# CALCULUS 2 cod. 1001162

2° year of course - First semester
Professor
Analisi matematica (MAT/05)
Field
Matematica, informatica e statistica
Type of training activity
Basic
42 hours
of face-to-face activities
6 credits
hub:
course unit
in - - -

## Learning objectives

The knowledge of the methods of n-dimensional Mathematical Analysis.

## Prerequisites

It is required to have passed the examination of Mathematical Analysis 1 and Geometry .

## Course unit content

Elementary notions of topology.
N-dimentional differential calculus.
N-dimentional integral calculus.
Ordinary linear differential equations of order n.

## Full programme

1-Topology on the Euclidean n-dimensional real space.
1.1 Euclidean scalar product and its properties.
1.2 Euclidean norm, its properties and Schwarz inequality.
1.3 Euclidean distance, its properties and fundamental system of neighborhoods of a point.
1.4 Definition of the interior point of the inner part of a set, of open set and properties of open sets.
1.5 Definition of closed set and properties of closed sets.
1.6 Definition of accumulation point, isolated point, the closure of a set, of boundary point and boundary of a set.

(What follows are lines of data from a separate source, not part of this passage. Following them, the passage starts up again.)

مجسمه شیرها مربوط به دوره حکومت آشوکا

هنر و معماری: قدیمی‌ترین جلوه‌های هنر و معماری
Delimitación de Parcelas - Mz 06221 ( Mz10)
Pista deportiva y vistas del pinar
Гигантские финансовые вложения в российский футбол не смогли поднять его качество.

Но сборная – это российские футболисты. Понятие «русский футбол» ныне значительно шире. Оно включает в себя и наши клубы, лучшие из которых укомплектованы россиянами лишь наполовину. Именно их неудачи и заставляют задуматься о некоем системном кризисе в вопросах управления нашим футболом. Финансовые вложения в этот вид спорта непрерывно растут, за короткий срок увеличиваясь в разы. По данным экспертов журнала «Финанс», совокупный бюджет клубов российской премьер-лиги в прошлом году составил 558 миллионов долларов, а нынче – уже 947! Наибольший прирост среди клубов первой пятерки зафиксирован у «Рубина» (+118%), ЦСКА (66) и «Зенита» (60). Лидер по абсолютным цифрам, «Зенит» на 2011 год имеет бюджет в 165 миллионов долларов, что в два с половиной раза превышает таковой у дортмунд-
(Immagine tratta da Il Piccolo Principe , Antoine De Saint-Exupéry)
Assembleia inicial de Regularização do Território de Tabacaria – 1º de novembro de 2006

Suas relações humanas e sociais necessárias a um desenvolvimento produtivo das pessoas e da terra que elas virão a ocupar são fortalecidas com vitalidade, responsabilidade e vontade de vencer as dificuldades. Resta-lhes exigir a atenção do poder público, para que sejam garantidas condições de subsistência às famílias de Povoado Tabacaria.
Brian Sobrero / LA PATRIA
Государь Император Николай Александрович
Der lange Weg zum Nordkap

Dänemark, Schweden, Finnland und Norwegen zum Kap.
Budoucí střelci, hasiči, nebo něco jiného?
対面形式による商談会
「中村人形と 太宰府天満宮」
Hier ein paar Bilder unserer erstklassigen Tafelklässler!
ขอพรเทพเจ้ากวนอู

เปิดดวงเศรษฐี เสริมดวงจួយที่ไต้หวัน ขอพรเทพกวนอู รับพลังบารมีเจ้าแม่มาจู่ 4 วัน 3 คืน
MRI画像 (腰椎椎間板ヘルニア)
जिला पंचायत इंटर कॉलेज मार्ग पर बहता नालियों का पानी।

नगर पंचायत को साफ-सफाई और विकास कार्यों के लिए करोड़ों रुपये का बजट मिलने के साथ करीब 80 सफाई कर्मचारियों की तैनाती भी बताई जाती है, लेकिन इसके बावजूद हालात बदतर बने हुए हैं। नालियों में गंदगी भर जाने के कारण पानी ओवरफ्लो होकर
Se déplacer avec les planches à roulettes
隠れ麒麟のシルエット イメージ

2-Limit and continuity of vector valued functions of vector variable.
2.1 Definition of limit of a sequence of vectors, of limit of a vector valued function of vector variable, uniqueness of the limit, and property of limits.
2.2 Definition of continuity for a vector valued function of vector variable and properties of continuous functions.
2.3 Compact sets, their characterization and Weierstrass theorem.

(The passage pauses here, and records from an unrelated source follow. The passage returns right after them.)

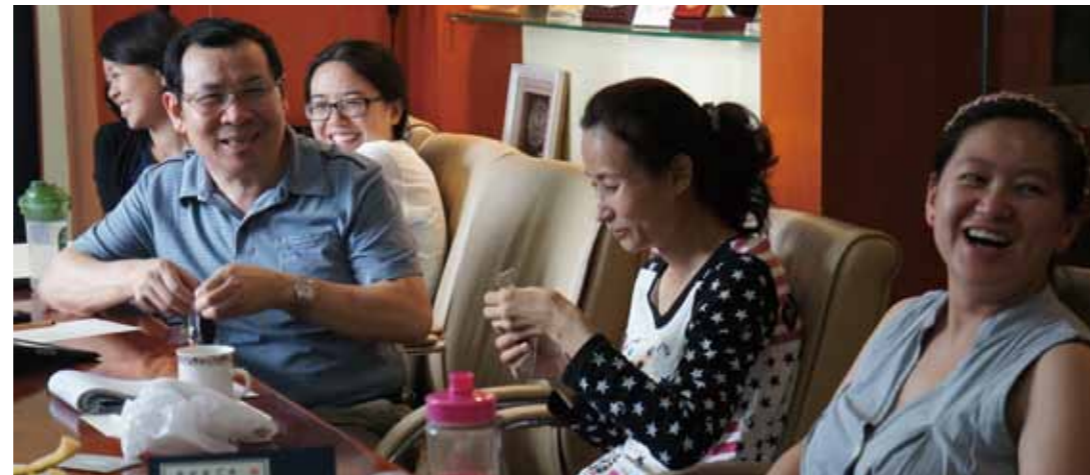
秘书处团国会欢笑不断
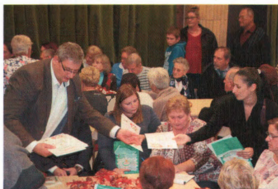
Polgármester úr átadja az okleveleket
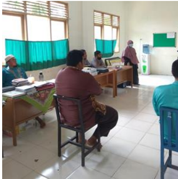
Gambar 2. Suasana pelatihan pemanfaatan WhatsApp dalam pembelajaran

Dalam memanfaatkan WhatsApp sebagai media pembelajaran guru mesti terbiasa dalam menggunakan menu yang ada pada WhatsApp yang dipaparkan sebagai berikut:

3-Differential calculus for vector valued functions of vector variable.
3.1 Partial derivatives and directional derivatives.
3.2 Differentiability of real valued functions of vector variable.
3.3 Theorem of the total differential.
3.4 Differentiability of vector valued functions of vector variable.
3.5 Differentiability of composed functions.
3.6 Partial derivatives of higher order and Schwarz theorem.
3.7 Taylor's formula stopped at the second order.
3.8 Stationary points and necessary condition for a point to be a relative minimum or maximum interior point.
3.9 The Hessian matrix and sufficient condition for a point to be minimum (maximum) internal relative.
3.10 Constrained stationary points.

4-Riemann integral for functions of vector variable.
4.1 Definition of Riemann integrable for function defined on a bounded regular n-dimensional set and properties of the integral.
4.2 Theorem of reduction of multiple integrals.
4.3 Theorem of the change of variables in multiple integrals.

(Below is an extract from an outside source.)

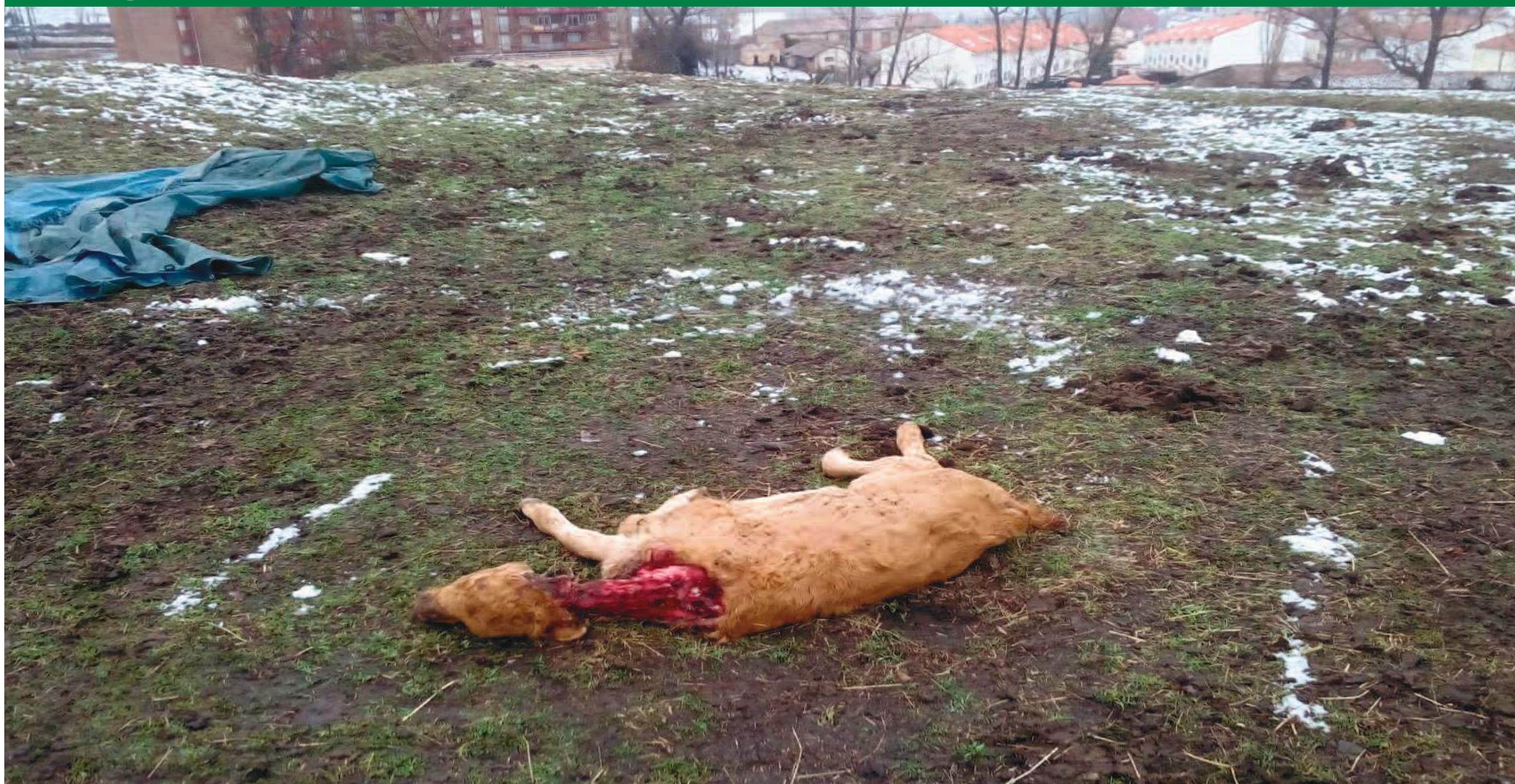
Ataque de lobos, con el resultado de una ternera degollada, a tan solo 500 metros del casco urbano de Piedrahíta

5-Linear ordinary differential equations with continuous coefficients.
5.1 Theorem of characterization of the solutions of ordinary differential linear equations with continuous coefficients of order n.
5.2 Theorem of existence and uniqueness of the solution of the Cauchy problem.
5.3 Method for finding n linearly independent solutions of the homogeneous equation with constant coefficients.
5.4 Method for finding a particular solution of the non homogeneous equation.

## Bibliography

Any book of Calculus II

## Teaching methods

Oral lessons and exsercices

## Assessment methods and criteria

Final exsamination

## Other information

It is strongly recommended to attend the lessons.